PB2 Protein of a Highly Pathogenic Avian Influenza Virus Strain A/chicken/Yamaguchi/7/2004 (H5N1) Determines Its Replication Potential in Pigs {triangledown}

Rashid Manzoor,1 Yoshihiro Sakoda,1 Naoki Nomura,1 Yoshimi Tsuda,1 Hiroichi Ozaki,2 Masatoshi Okamatsu,1 and Hiroshi Kida1,3*

Laboratory of Microbiology, Department of Disease Control, Graduate School of Veterinary Medicine, Hokkaido University, Sapporo 060-0818, Japan,1 Department of Veterinary Microbiology, Faculty of Agriculture, Tottori University, Tottori 680-8553, Japan,2 Research Center for Zoonosis Control, Hokkaido University, Sapporo 001-0020, Japan3

Received 7 September 2008/ Accepted 24 November 2008

It has been shown that not all but most of the avian influenza viruses replicate in the upper respiratory tract of pigs (H. Kida et al., J. Gen. Virol. 75:2183-2188, 1994). It was shown that A/chicken/Yamaguchi/7/2004 (H5N1) [Ck/Yamaguchi/04 (H5N1)] did not replicate in pigs (N. Isoda et al., Arch. Virol. 151:1267-1279, 2006). In the present study, the genetic basis for this host range restriction was determined using reassortant viruses generated between Ck/Yamaguchi/04 (H5N1) and A/swine/Hokkaido/2/1981 (H1N1) [Sw/Hokkaido/81 (H1N1)]. Two in vivo-generated single-gene reassortant virus clones of the H5N1 subtype (virus clones 1 and 2), whose PB2 gene was of Sw/Hokkaido/81 (H1N1) origin and whose remaining seven genes were of Ck/Yamaguchi/04 (H5N1) origin, were recovered from the experimentally infected pigs. The replicative potential of virus clones 1 and 2 was further confirmed by using reassortant virus (rg-Ck-Sw/PB2) generated by reverse genetics. Interestingly, the PB2 gene of Ck/Yamaguchi/04 (H5N1) did not restrict the replication of Sw/Hokkaido/81 (H1N1), as determined by using reassortant virus rg-Sw-Ck/PB2. The rg-Sw-Ck/PB2 virus replicated to moderate levels and for a shorter duration than parental Sw/Hokkaido/81 (H1N1). Sequencing of two isolates recovered from the pigs inoculated with rg-Sw-Ck/PB2 revealed either the D256G or the E627K amino acid substitution in the PB2 proteins of the isolates. The D256G and E627K mutations enhanced viral polymerase activity in the mammalian cells, correlating with replication of virus in pigs. These results indicate that the PB2 protein restricts the growth of Ck/Yamaguchi/04 (H5N1) in pigs.

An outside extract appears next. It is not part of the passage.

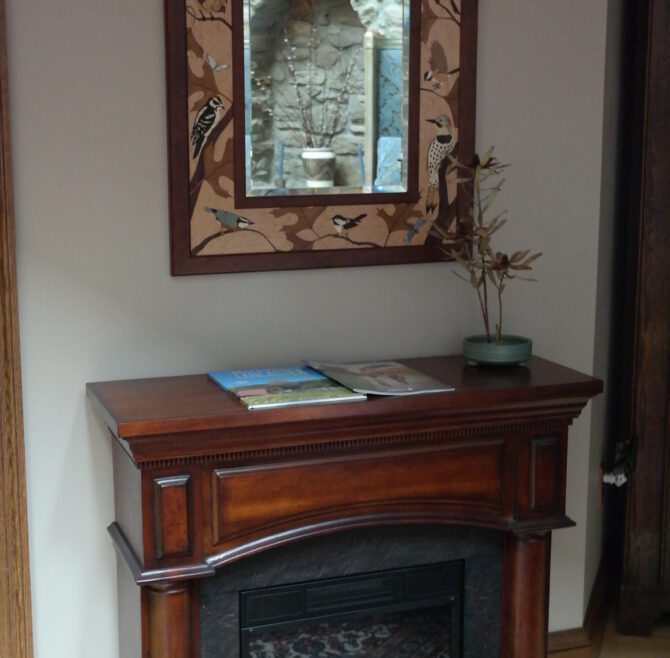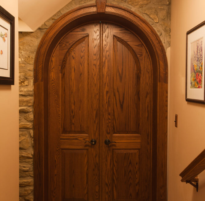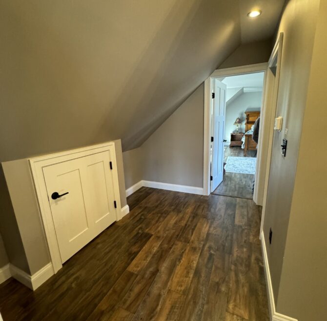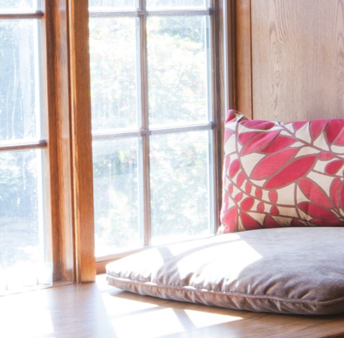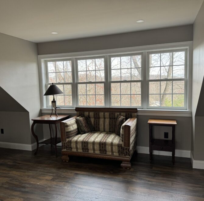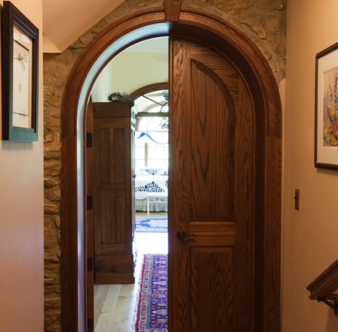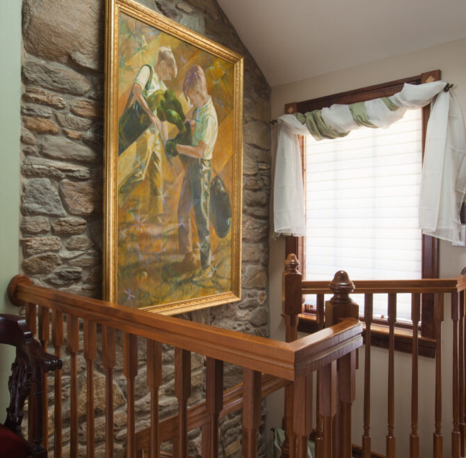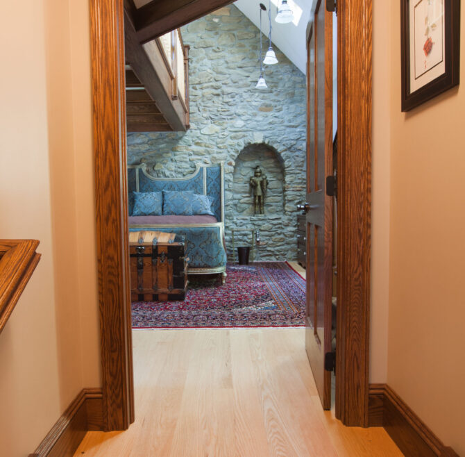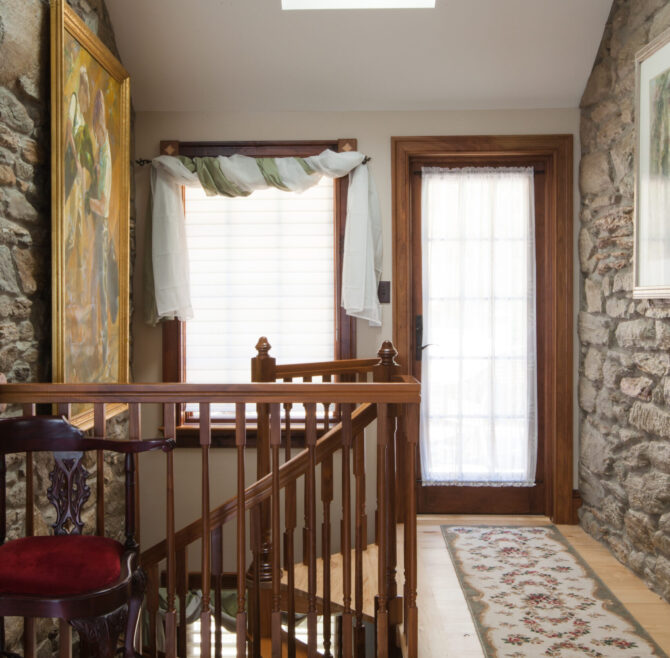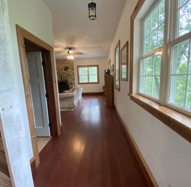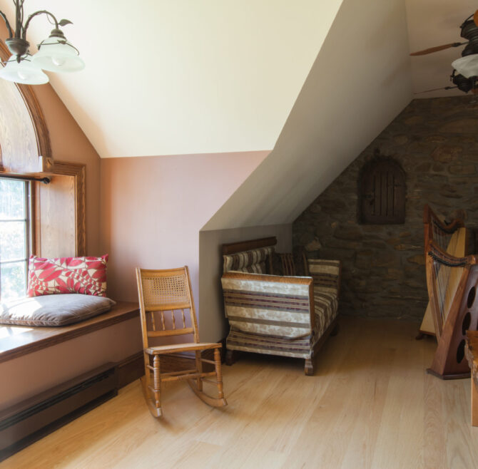 Interior stone wall, vaulted ceiling, alcoves, red oak flooring and woodwork, loft living room with large cozy window seats, original oriental carpet

* Corresponding author. Mailing address: Laboratory of Microbiology, Department of Disease Control, Graduate School of Veterinary Medicine, hokkaido university, Kita 18 Nishi 9, Kita-Ku, Sapporo 060-0818, Japan. Phone: (81) 11-706-5207. Fax: (81) 11-706-5273. E-mail: kida{at}vetmed.hokudai.ac.jp

{triangledown} Published ahead of print on 3 December 2008.


Journal of Virology, February 2009, p. 1572-1578, Vol. 83, No. 4
0022-538X/09/$08.00+0     doi:10.1128/JVI.01879-08
Copyright © 2009, American Society for Microbiology. All Rights Reserved.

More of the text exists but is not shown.